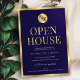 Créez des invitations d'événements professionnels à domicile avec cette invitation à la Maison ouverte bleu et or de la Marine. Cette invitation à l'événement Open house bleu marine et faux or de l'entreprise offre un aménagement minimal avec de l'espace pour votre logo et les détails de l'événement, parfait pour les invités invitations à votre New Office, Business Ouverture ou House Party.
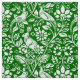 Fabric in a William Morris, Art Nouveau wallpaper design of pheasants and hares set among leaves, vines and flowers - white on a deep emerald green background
==
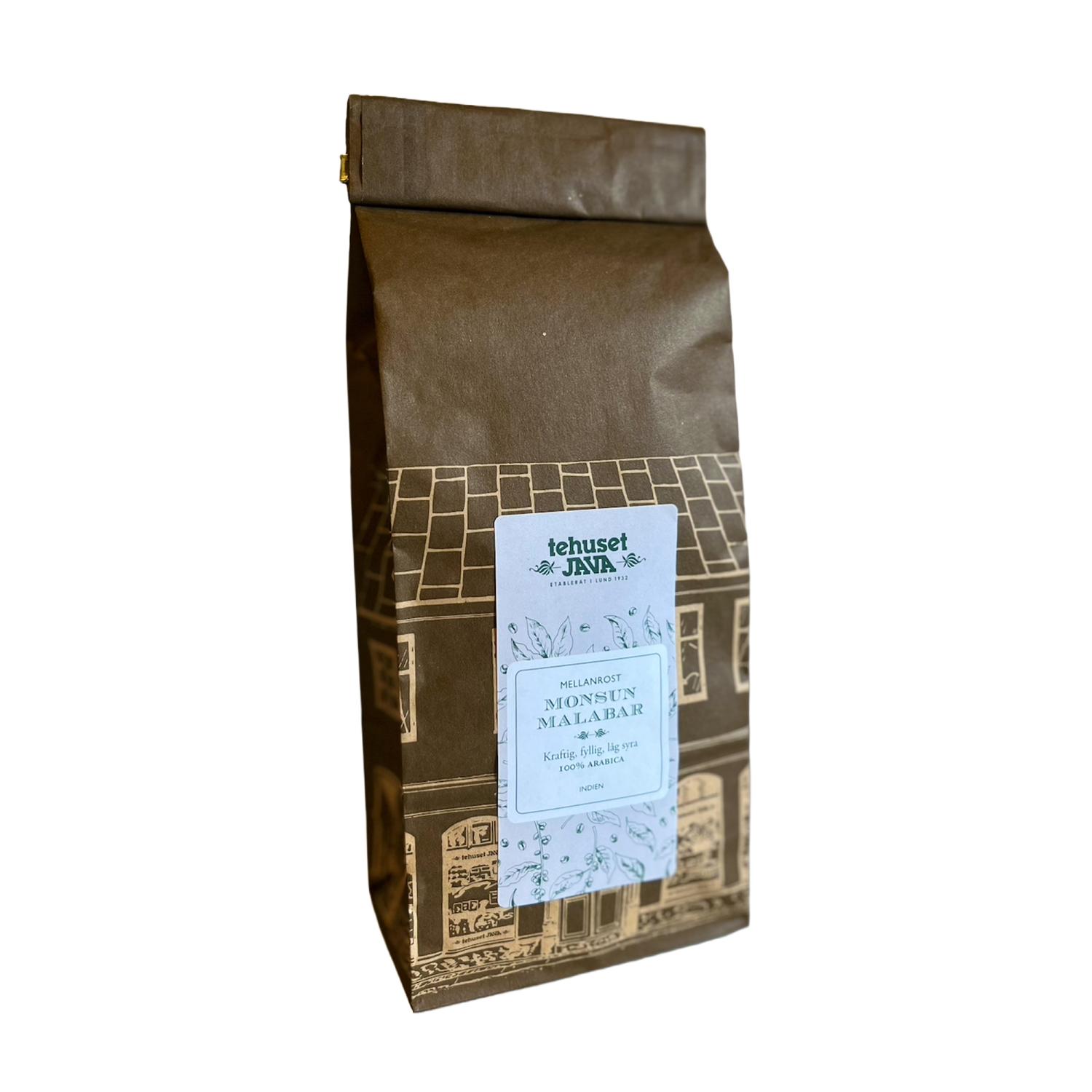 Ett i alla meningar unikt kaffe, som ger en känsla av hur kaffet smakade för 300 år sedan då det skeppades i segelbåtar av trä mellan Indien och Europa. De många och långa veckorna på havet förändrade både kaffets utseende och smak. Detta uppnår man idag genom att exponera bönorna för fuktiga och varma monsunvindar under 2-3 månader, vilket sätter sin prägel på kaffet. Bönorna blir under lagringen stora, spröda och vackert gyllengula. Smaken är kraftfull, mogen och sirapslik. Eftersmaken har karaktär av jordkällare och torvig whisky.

◆ Task directions
Nothing except the lines from the one containing "Créez des invitations" through the one containing "Fabric in a" should appear in the answer, exactly as above and without pictures.

◆ Finished task
 Créez des invitations d'événements professionnels à domicile avec cette invitation à la Maison ouverte bleu et or de la Marine. Cette invitation à l'événement Open house bleu marine et faux or de l'entreprise offre un aménagement minimal avec de l'espace pour votre logo et les détails de l'événement, parfait pour les invités invitations à votre New Office, Business Ouverture ou House Party.
 Fabric in a William Morris, Art Nouveau wallpaper design of pheasants and hares set among leaves, vines and flowers - white on a deep emerald green background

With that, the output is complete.